This is a woman who shopped exclusively at the Salvation Army throughout the duration of my childhood, resulting in a veritable herd of animal print polyester blouses.
A woman who stored all the cookies we baked together not in trademarked Tupperware, Heaven's No, but in old yogurt containers and Cool Whip tubs.
A woman who once traumatized my sister by wrapping her Christmas gift in a Mini Wheat's box. (One of a collection of boxes she keeps in the garage for just such purposes.)
A woman who fed me so many green beans, blackberries and apricots from her garden every summer that I experienced the whole spectrum of gastrointestinal distress by the age of nine.
A woman, I kid you not, of whom you can ask: Do you happen to have a pick ax I can borrow? And she will saunter into the garage and come back five minutes later with the very pick ax that planted the flag at Iwo Jima.

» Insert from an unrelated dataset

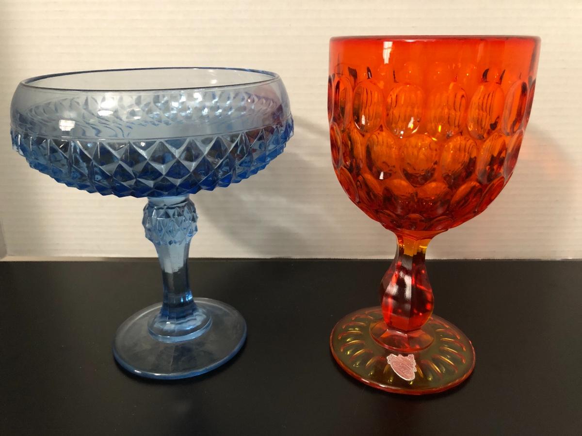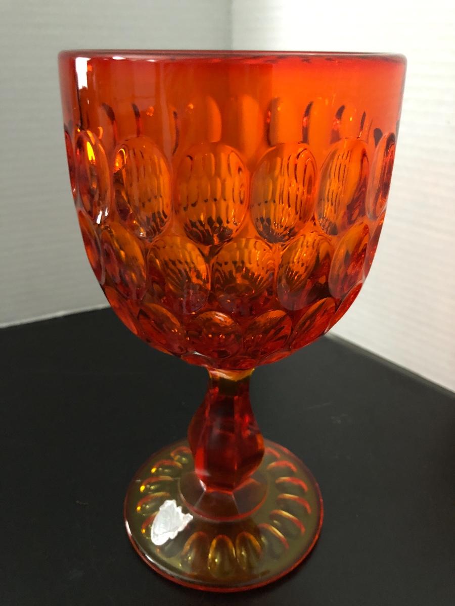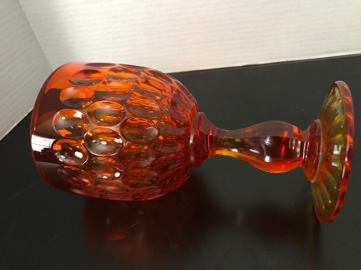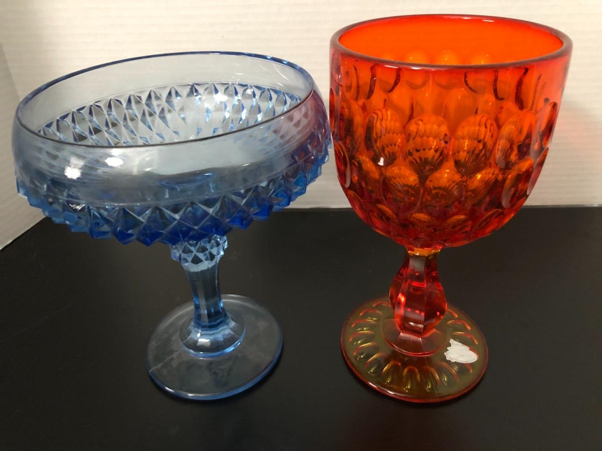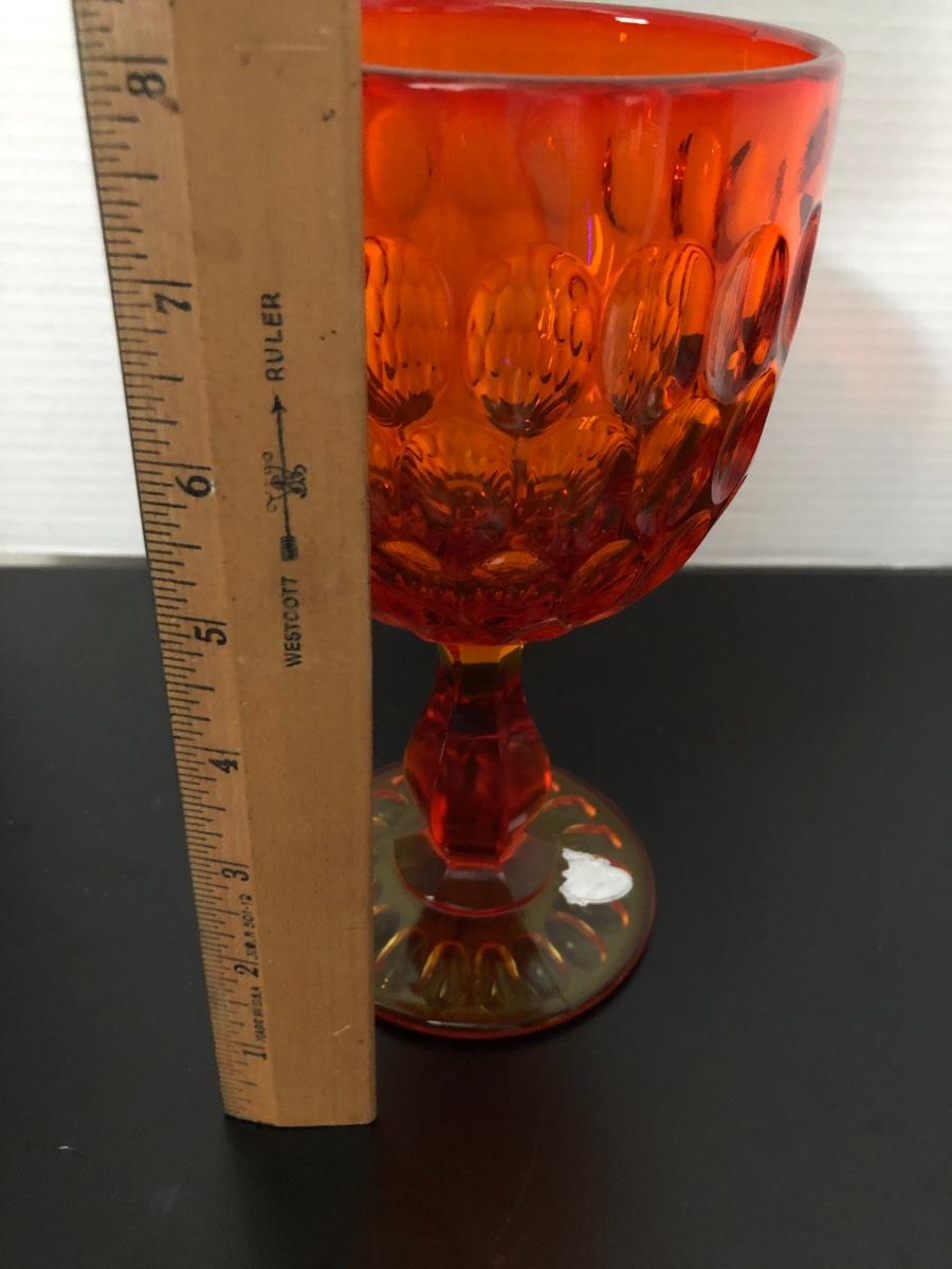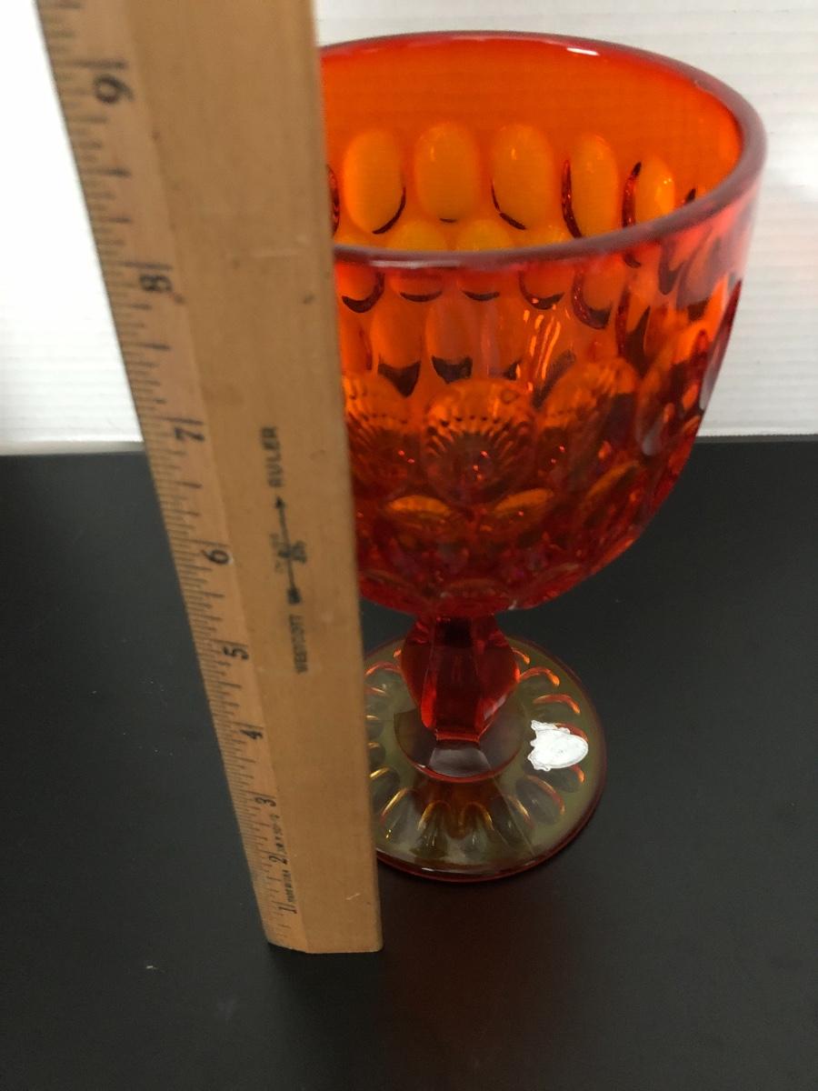 All items are sold as is, as found in the estate. Please see all photos for content, measurements and condition. Only the Amberina Orange glass goblet has a Fenton sticker.
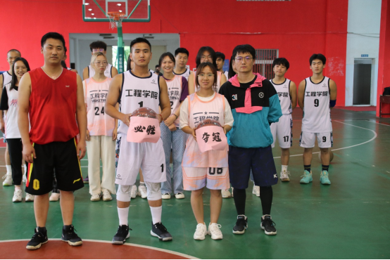 校团委挂职副书记、安全系教工党支部书记、工程教工篮球队队长周克清为篮球队授旗,新校区建设指挥部副处长、威尼斯432888cam2004级土木工程毕业生陈胜和威尼斯432888cam工岩系博后郑罗斌为男队和女队颁球。

Grandma and Grandpa never let anything, I mean ANYTHING, go to waste. Moreover, they never let advertising or egos or The Joneses confound the fact that what they had on hand was perfectly good, and good enough for them. We have so much to learn from that generation--those parents and grandparents who spent their childhoods in the Depression, were newlyweds during WWII rationing, and remember what life was like before modern luxuries like Kleenex and cake mix.
[Grandma the morning after Thanksgiving, dispatching with perfectly good, "unwanted" pumpkin pie.]
I've spent the last 15 years trying to jump start Grandma's consumerist streak with Coach and Saks and Ferragamo, but in a show of characteristic stubbornness, she's still cutting the toes out of her old flats when she fancies a new pair of sandals. (Kids, don't try this at home.)
And I love her all the more for it. Turns out she's been the cool kid all along.
A word of advice: if you didn't do it yesterday, call your Grandma. She's got a thing or two to learn ya.